Active links added above. Read in full here.

The US Ambassador to Turkey is career diplomat, Frank Ricciardone. The US Ambassador to Lebanon is 25-year veteran, Maura Connelly. I’m sure neither one would appreciate being called “particularly weak” in the lead up to the promotion sweeps.

Max Boot who was cited in this piece also writes, “If only the State Department could figure out how to clone them–or at least inspire more of their colleagues to imitate their sterling example.”
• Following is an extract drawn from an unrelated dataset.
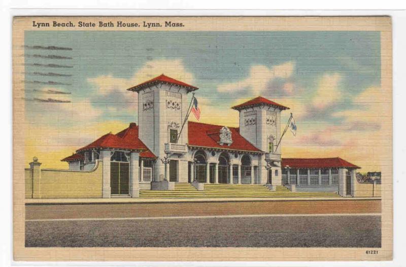 Description: State Bath House Lynn Beach Massachusetts 1942 postcardType: linen

I don’t think innovation at the State Department actually includes reproductive human cloning at this time. But when they figure out how, there will be a background briefing with senior administrative officials, I’m sure of it.

About Ambassador Ford, Josh Rogin of The Cable reported last week about the GOP’s new-found love for our Ambassador to Syria.

The State Department senses that the tide is turning on the Ford nomination as well, and is pushing Ford out to the media this week. He conducted on-the-record interviews with The Daily Caller¸ the Huffington Post¸ and with your humble Cable guy.

In a phone call with The Cable, Ford laid out the reasons he believes that he should be allowed to stay in Damascus.

“When an ambassador makes a statement in a country that’s critical of that country’s government, when that government visits an opposition or a site where a protest is taking place, the statement is much more powerful — and the impact and the attention it gets is much more powerful if it’s an ambassador rather than a low-level diplomat,” Ford said.

Will Congress find new love too for stuck-on you Ambassadors Ricciardone (Turkey), Bryza (Azerbaijan) and Eisen (Czech Republic) whose nominations have all been filed in the back folder since forever. I think their recess appointments will expire in December.